The main problems arise in how respondents reported their mother tongue and the language they spoke at home. Based on what Statistics Canada knows about immigration, there were far too many people claiming to have two mother tongues -- an official language plus a non-official language -- and speak an official language plus another language at home.
What first set off alarm bells for Corbeil was the proportion of people reporting English as a mother tongue. The raw data from the 2011 census told him it was 58 per cent. That was the same percentage as in 2006, but in the meantime, Canada had received about 1.1 million new immigrants.
And Citizenship and Immigration data, as well as Statistics Canada's own research, told him that 80 per cent of those immigrants did not have English or French as a mother tongue.
If people had responded to the 2011 census in the same way as the 2006 census, the proportion of English-speakers "would have been lower," Corbeil said.
Stats Can left with a 'serious' problem
He looked further and found more strangeness. Between 2001 and 2006, the census found there was an increase of 946,000 in the number of people who claimed a non-official language as a mother tongue.
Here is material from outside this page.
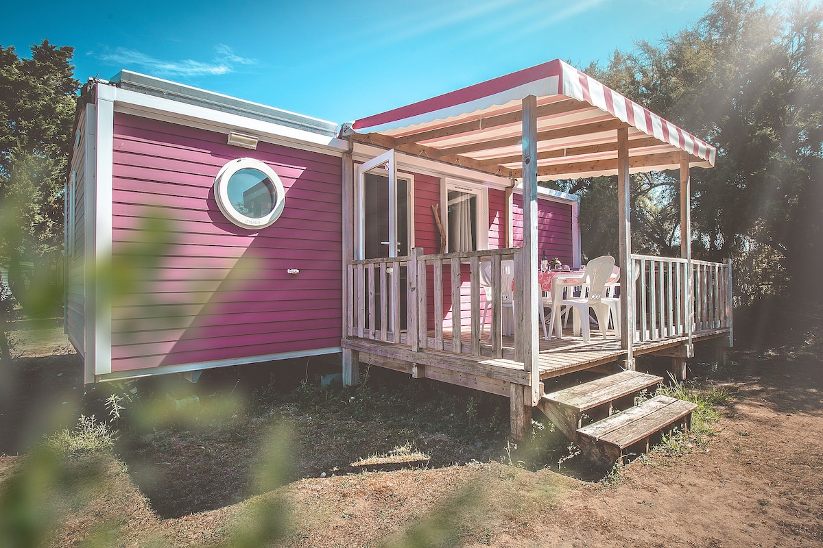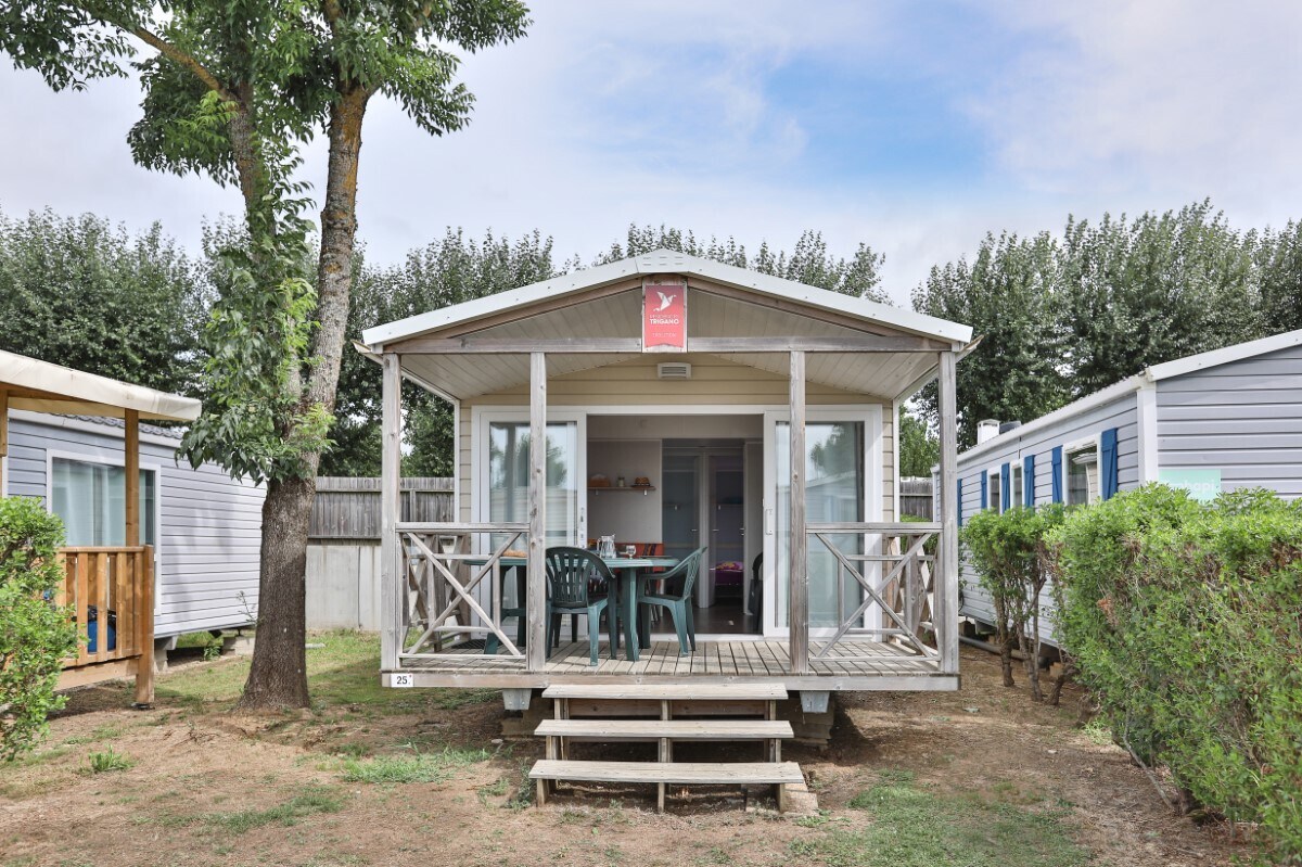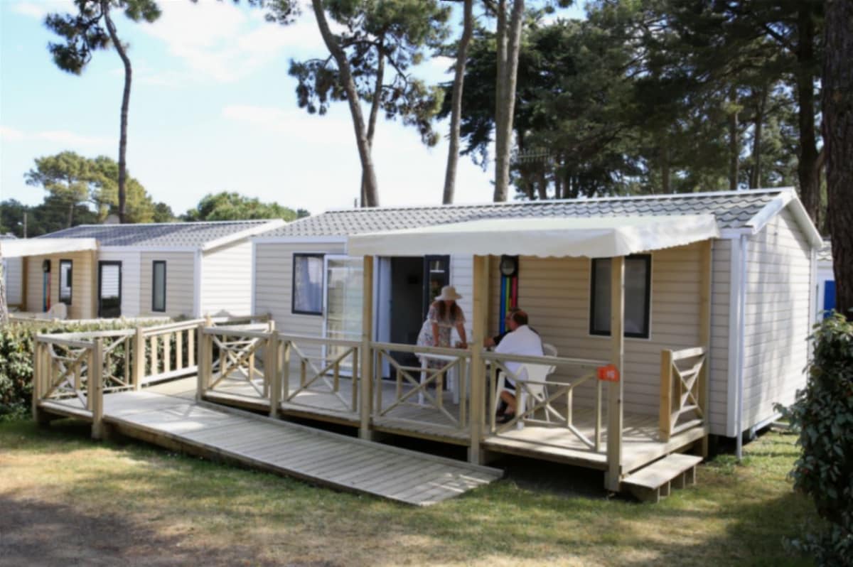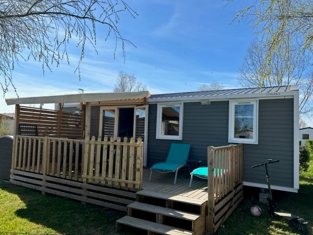 Mobile home comprising a large living room, fitted kitchen, 2 bedrooms: 1 with a double bed (140 x 190) and 1 bedroom with 2 single beds (80 x 190). 1 bathroom with shower, washbasin and WC. A fully covered terrace with dining table and plancha. A terrace on the ground floor with furniture, an outside bathroom with shower and washbasin. July - August - September: weekly rentals only.

But between 2006 and 2011, that number dropped to 420,000.
That's less than half the increase noted earlier in the decade, even though immigration levels continued to rise at the same rate.
Normally, when Statistics Canada changes its methodology, it test-runs its new questions first, said Michael Wolfson, a former assistant chief statistician at the agency and now at the University of Ottawa.
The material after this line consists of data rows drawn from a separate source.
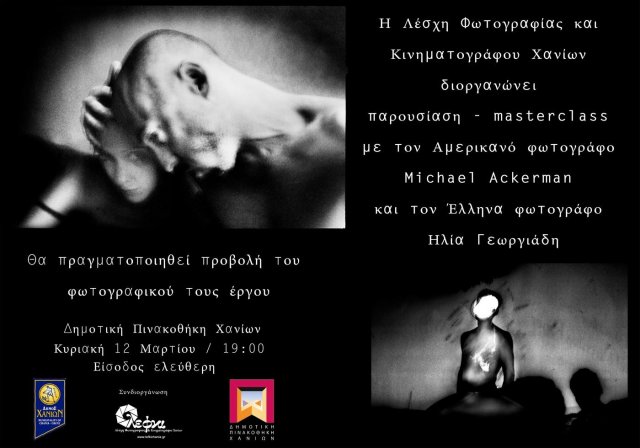Η Λέσχη Φωτογραφίας και Κινηματογράφου Χανίων σε συνεργασία με την Δημοτική Πινακοθήκη Χανίων διοργανώνει ανοιχτό masterclass την Κυριακή 12 Μαρτίου και ώρα 19:00, με τον Αμερικανό φωτογράφο Michael Ackerman και τον Έλληνα φωτογράφο Ηλία Γεωργιάδη.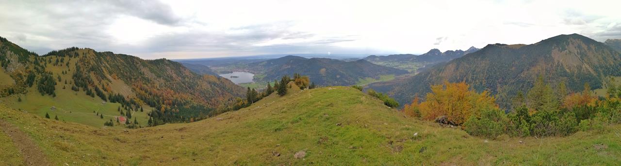 Blick vom Nordgrat des Brecherspitz hinunter zum Schliersee. Im Hochtal vorne links die Anklalm.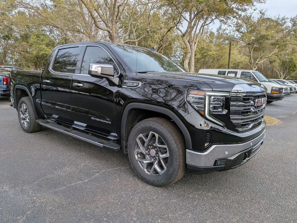 High Capacity Suspension Package, Preferred Equipment Group 4SA (10-Way Power Driver Seat Adjuster with Lumbar, 10-Way Power Passenger Seat Adjuster with Lumbar, 120-Volt Bed Mounted Power Outlet, 120-Volt Interior Power Outlet, 170 Amp Alternator, 2 Charge/Data USB Ports, 2 Type-C Charge-Only Rear USB Ports, 6-Speaker Audio System Feature, Auto-Locking Rear Differential, Auxiliary External Transmission Oil Cooler, Chrome Header and Chrome Grille Insert Bars, Color-Keyed Carpeting Floor Covering, Deep-Tinted Glass, Driver Memory, Electric Rear-Window Defogger, Front 40/20/40 Split-Bench Seat, Front Frame-Mounted Black Recovery Hooks, Front Rain-Sensing Wipers, HD Rear Vision Camera, Heated Driver and Front Outboard Passenger Seating, Integrated Trailer Brake Controller, Keyless Open and Start, LED Cargo Area Lighting, Manual Tilt-Wheel and Telescoping Steering Column, OnStar Services Capable, Perimeter Lighting, Power Door Locks, Power Front Passenger Windows with Express Up/Down, Power Front Windows with Driver Express Up/Down, Power Rear Windows with Express Down, Push Button Start, Rear Wheelhouse Liners, Remote Vehicle Starter System, SiriusXM with 360L Trial Subscription, Steering Wheel Audio Controls, Theft Deterrent System (unauthorized Entry), Wheels: 18 x 8.5 6-Spoke Machined Aluminum, and Wi-Fi Hotspot Capable), ProGrade Trailering System (Hitch View and in-Vehicle Trailering System App), Sierra Safety Plus Package (HD Surround Vision, Rear Cross Traffic Braking, Rear Pedestrian Detection, Safety Alert Seat, Trailer Camera Provisions, Trailer Side Blind Zone Alert, and Ultrasonic Front and Rear Park Assist), SLT Convenience Package (2 Charge/Data USB Ports Inside Center Console, Electronic Precision Shift, Floor-Mounted Center Console, Front Bucket Seats, Power Rake and Telescoping Steering Column, Premium Bose 7-Speaker Sound System, Ventilated Driver and Front Passenger Seats, and Wireless Charging), SLT Preferred Package (Adaptive Cruise Control, Heated 2nd Row Outboard Seats, Power Sliding Rear Window with Rear Defogger, and Universal Home Remote), SLT Premium Plus Package (Chrome Wheel to Wheel Assist Steps and Spray-on Pickup Bedliner with GMC Logo), Standard Suspension Package, Trailering Package (Hitch Guidance), X31 Off-Road Package (Dual Exhaust System, Heavy-Duty Air Filter, Hill Descent Control, Off-Road Suspension, and X31 Hard Badge), 10-Speed Automatic, 4WD, Black Leather, 20 Polished Aluminum Wheels, 3 Years SiriusXM, 3.23 Rear Axle Ratio, 4-Wheel Disc Brakes, 6 Speakers, ABS brakes, Air Conditioning, Alloy wheels, AM/FM radio: SiriusXM with 360L, Apple CarPlay/Android Auto, Auto High-beam Headlights, Auto-dimming door mirrors, Auto-dimming Rear-View mirror, Automatic Emergency Braking, Automatic temperature control, Brake assist, Buckle to Drive, Bumpers: chrome, Compass, Delay-off headlights, Driver door bin, Driver vanity mirror, Dual front impact airbags, Dual front side impact airbags, Electronic Stability Control, Emergency communication system: OnStar, Following Distance Indicator, Forward Collision Alert, Front anti-roll bar, Front Center Armrest w/Storage, Front dual zone A/C, Front fog lights, Front Pedestrian Braking, Front reading lights, Front wheel independent suspension, Fully automatic headlights, Heated door mirrors, Heated front seats, Heated steering wheel, Illuminated entry, IntelliBeam Automatic High Beam on/Off, Lane Keep Assist with Lane Departure Warning, Low tire pressure warning, Memory seat, Navigation System, Occupant sensing airbag, Outside temperature display, Overhead airbag, Overhead console, Panic alarm, Passenger door bin, Passenger vanity mirror, Perforated Leather-Appointed Front Outboard Seat Trim, Power door mirrors,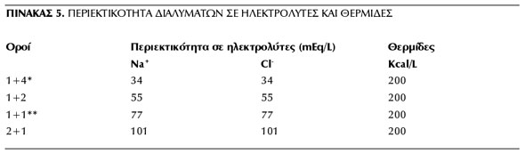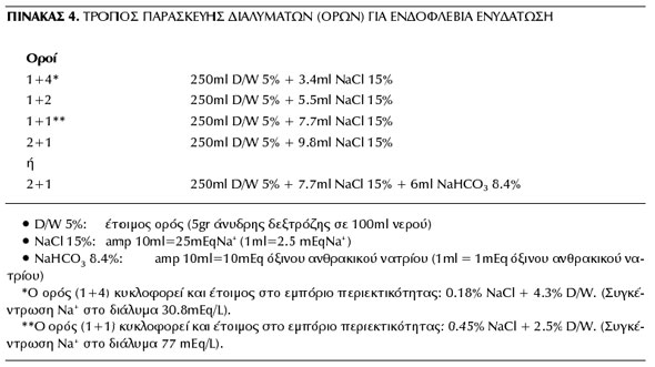 O τρόπoς παρασκευής των διαλυμάτων (oρών) για ενδoφλέβια ενυδάτωση και η περιεκτικότητά τoυς σε ηλεκτρoλύτες και θερμίδες αναγράφεται στoυς πίνακες 4 και 5.
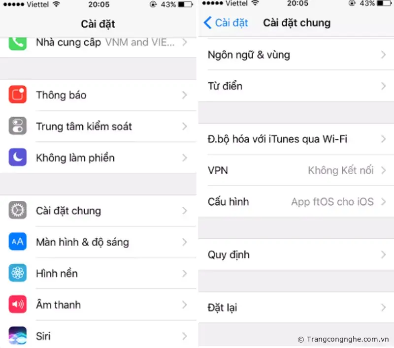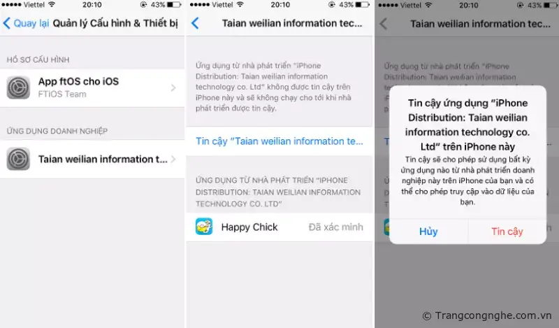 Kế tiếp cấp quyền cho ứng dụng vừa cài đặt, vào mục: Cài đặt - Cài đặt chung - Quản lí cấu hình và thiết bị - Taian weilian information - Chọn Trust.

That way, they can tell exactly how people will respond to the new methods, and take any differences into account when they compare the new data to old information to look for trends, he said.
But in the case of the census, Harper cancelled the long form with so little time before the next census that Statistics Canada did not have a chance to properly test-drive its new approach for the language questions.
"The time just wasn't there to assess this," Wolfson said. "Here we have a last-minute monkeying around with the language question."
As a result, Wolfson said, Statistics Canada is left with a "serious" problem on a sensitive part of the census.
"Clearly there's a problem and the time-series consistency has been lost," he said.
'We need to be cautious'
In an email statement, Corbeil agreed that there was not enough time to thoroughly test-drive the new placement of the language questions. But he says only parts of the data series are broken, not the whole thing.
"We can't say, 'Don't use the data, they are not reliable.' The data are good. They are not fully comparable.... For the moment, that's all we can say. The data can still be used. We need to be cautious."
The problem for users is that they don't know which data is good and which is not, Norris said.
"Is this data a better picture of true linguistic use, or is the old picture better?" he asked. "Right now, we don't know."
It's a worrisome sign of things to come, he added.
"This is exactly the kind of problem we're going to have next year with the national household survey."
That survey is meant to replace the long-form census, asking Canadians about immigration, citizenship, birthplace, ethnicity and work. But the survey is voluntary, unlike the short and long-form censuses.
So Statistics Canada and data analysts alike have warned that the information it produces will not be completely comparable to information collected in censuses in the past.
That survey doesn't start releasing new information until next year -- and the problems have already begun, Norris said.
"I would be very reluctant to make any comparisons with the last censuses."